Over the years we’ve work on the Old Whore, we've experimented with a number of different paint removing methods: spray-on stripper, paint-on stripper, heat guns, UV strippers, sanders (hand sanding, orbital, random orbit, palm, etc), grinders, eco-friendly strippers, and dry-scraping. And, do you know what I've found? If I had spent all that time actually scraping paint and not dicking around with the newest path of enlightenment, I'd probably have finished long ago.
I find that all paint removal techniques have four components on which they may be rated: ease, mess, speed, and cost. I won't break these down any more than that (unless someone wants more detail), because they seem fairly straight forward to me. And, my final conclussion to date is: dry scraping is hard work but it is cheap, fast, and occasionally easy. The mess is unavoidable, just jump in and wallow in it.

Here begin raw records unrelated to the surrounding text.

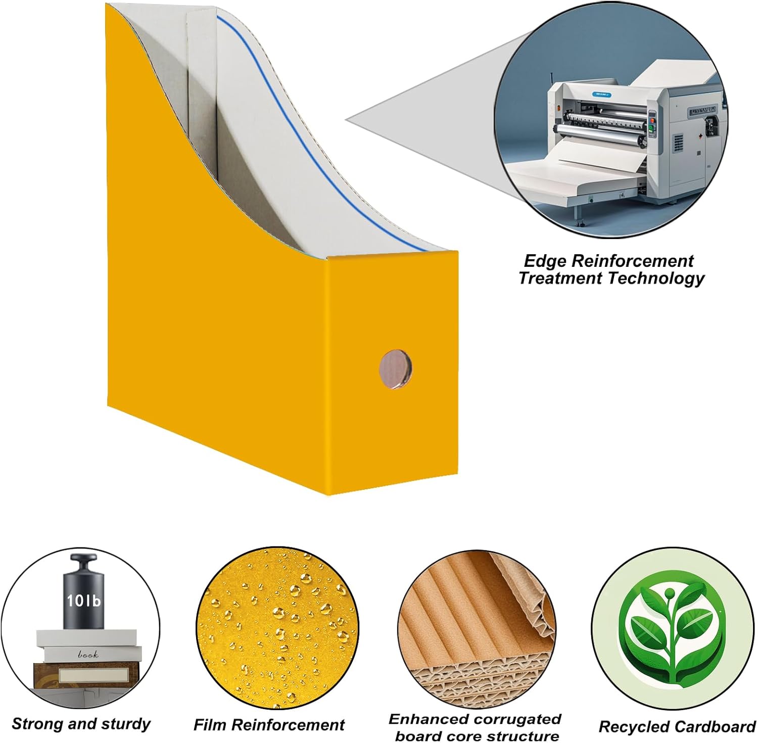 Cardboard Magazine Holder (24 Pack), Sturdy Book Bins for Classroom, Vertical File Folder Organizer, 10.6'' 10.2'' 3.5'' Inch Magazine Rack (Yellow, 24 Pack)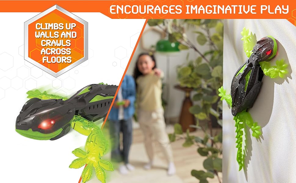 - WALL CRAWLING MOVEMENT: Watch the creepy-crawly motion of the Wallcrawler robot toy as it crawls across the floor and climbs up walls, just like a real gecko Scare your family and friends with the life like movement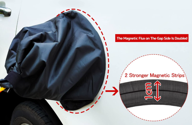 Sản phẩm cũng có hai dải nam châm mạnh và linh hoạt được may vào vải chống nước. So với các bảo vệ khác chỉ có một dải nam châm, "Túi bảo vệ khi sạc cho xe EV" có hiệu suất tăng 80% vì có hai dải nam châm. Điều này giúp tăng lực hấp dẫn nam châm và ổn định sản phẩm trên xe.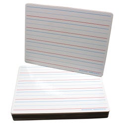 Make writing practice feel fun and interactive with 2-sided dry erase boards featuring one side with ruled lines! Set of dozen whiteboards conveniently comes with erasers and assorted colored whiteboard markers for shared activities in the classroom.

One thing I have noticed is a correlation between ease and speed. For instance, a heat gun is pretty easy to use. You flip it on, heat the paint, it bubbles, and it glides right off with a pass or two of the scraper. But, compared to dry-scraping it is a very slow process. In my experience, dry-scraping goes roughly twice as fast (or more) for me, but it wears me completely out after a couple of hours. There is definitely a trade-off here.

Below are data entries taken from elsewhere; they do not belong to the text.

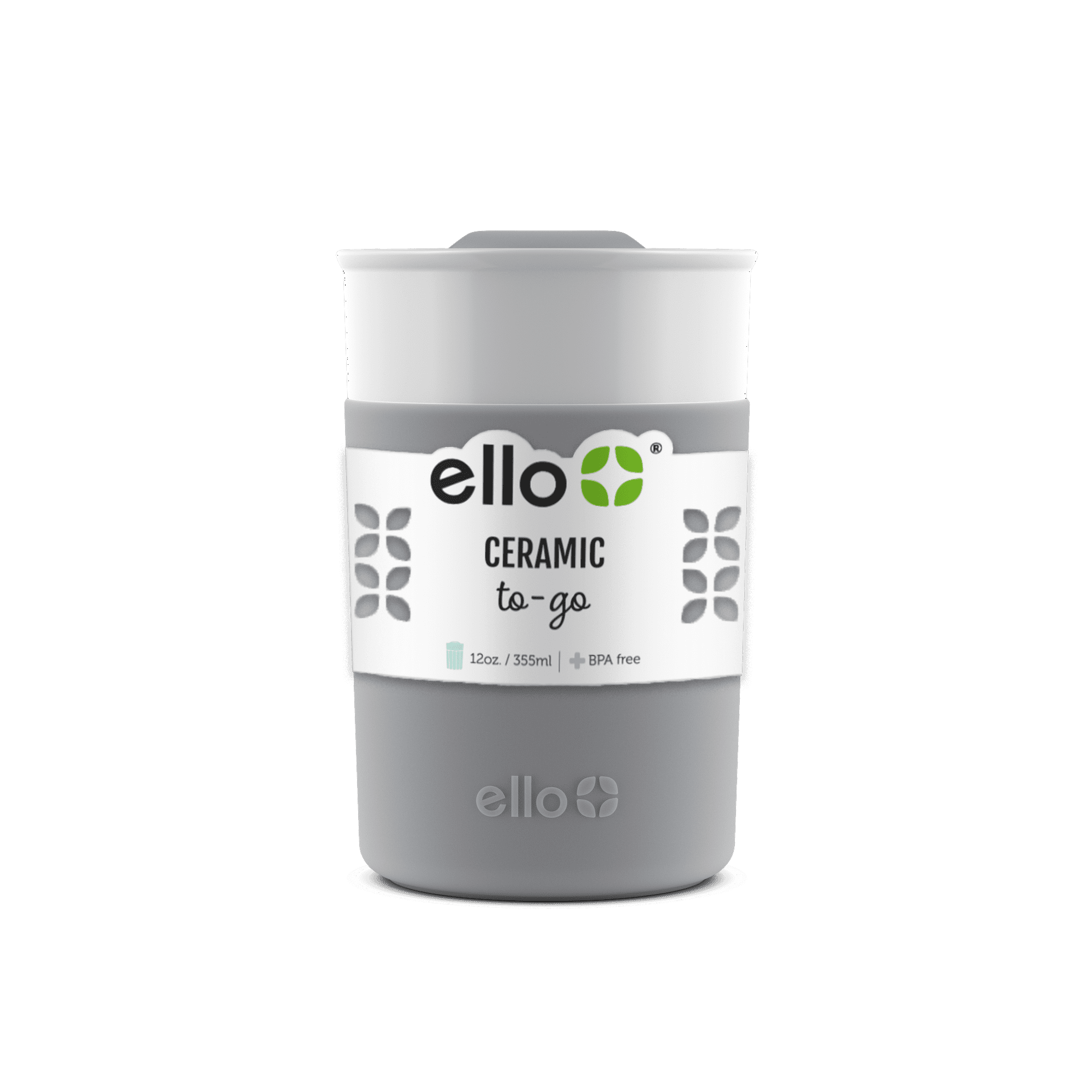 Ello Cool Gray Archie Ceramic Thermos Mug With Lid, 11 fl oz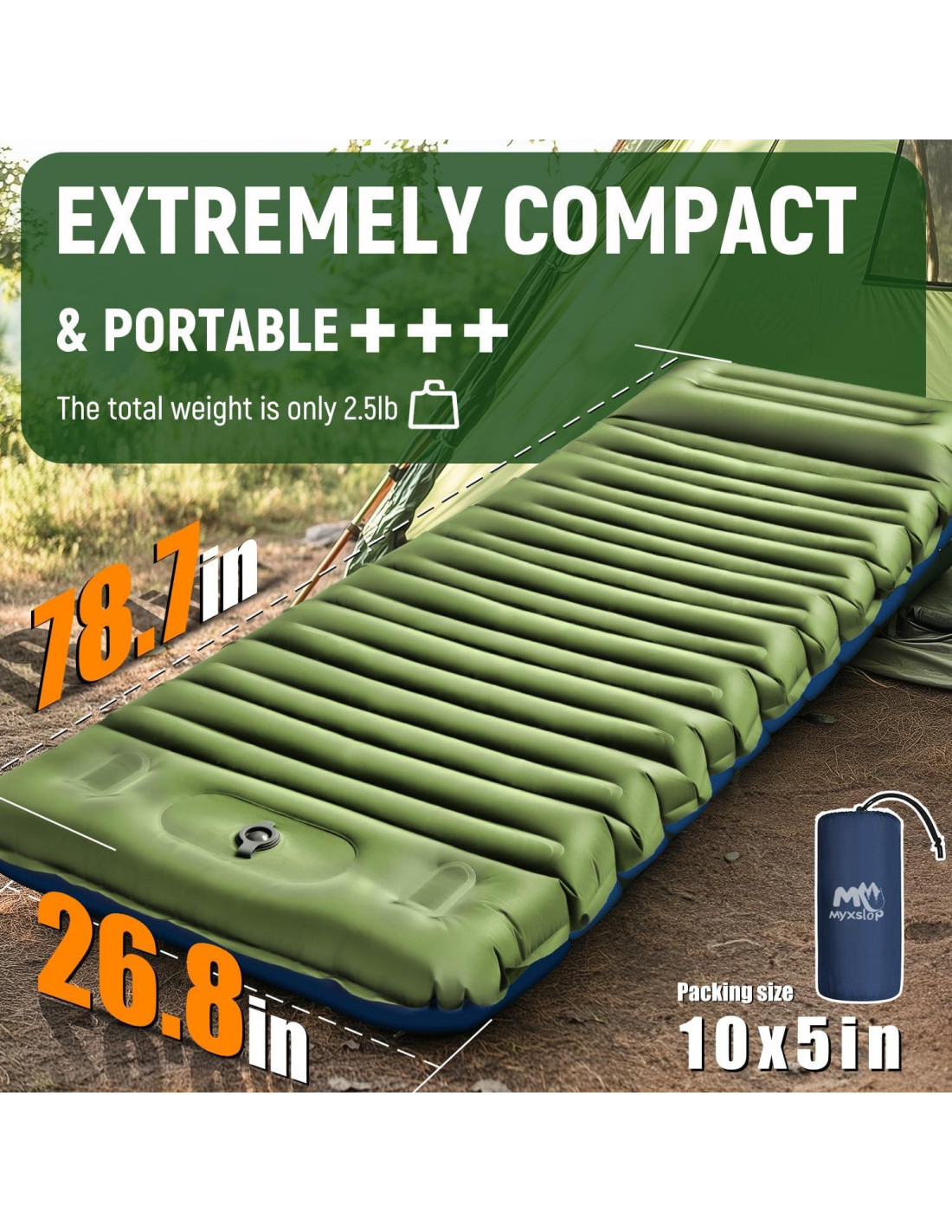 - [Colchoneta de Camping Extra Ancha y Gruesa de 5"] La colchoneta de camping Myxslop mide hasta 79*27*5 pulgadas, una vez inflada, el cuerpo puede alejarse del suelo irregular y las rocas duras. Diseño ergonómico de tubo de aire estriado innovador para aliviar la presión en la espalda y el cuello, permitiéndote ajustar libremente tu equilibrio y comodidad, disfrutando de una noche completa de sueño cómodo en cualquier posición para dormir.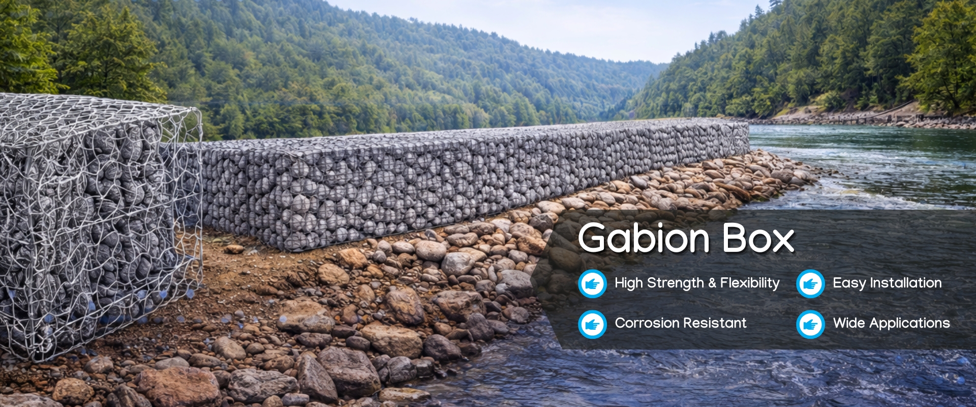 Our proficiency encompasses traditional hexagonal mesh gabion boxes as well as cutting-edge welded gabion systems, all made with high-quality galvanized, PVC-coated, and Galfan wires to ensure optimal durability and resistance to corrosion.

Anyhow, here are my "big" dry scraping tips:
1) Use a scraper with a small blade. Sure, it will take more passes to strip the paint, but I find that they are easier to control (fewer gouges) and you can exert more pressure because of the smaller surface area.
2) Sharpen your scraper often. Depending on how tough the paint it, you may find it necessary to sharpen your blade every 5 to 10 minutes. It sounds like a hassle, but your muscles will thank you. It is soooooo much easier to scrape with a sharp blade.
3) Wear thick leather work gloves. If you are doing it indoors, wear a respirator or mask at the very least.
4) If possible, always go with the grain of the wood.
5) Manage your expectations. No matter how bad your paint is in, it will take a very long time to get it all off. Don't get discouraged, it can be done but it will take a while. Persistence counts.
6) Know when call in the big guns. Sometime you will find a section of paint that will not come loose no matter how much you dig at it. Save yourself some grief and time, and move on to Plan B. At this point, the heat gun is my back-up of choice. Unfortunately, since there are lots of gaps between boards into hollow walls full of 100 years worth of potentially flammable shit, I usually opt for spray-on chemical striper. Or, I might just take a sander to it and feather out the edges and paint over it anyhow. Below is a picture of some paint that would not turn loose on the foyer wall it. Took me longer to get it down to this than it did to scrape half of the foyer ceiling.
Now, as the final disclaimer, I will say that I haven't done too much exterior paint stripping, but, from what I can tell, all of the same principles apply. Also, you might check with Greg over at The Petch House. I can't remember for sure, but I believe he dry scraped the whole Petch House.
Hope this helps Chris. And, good luck.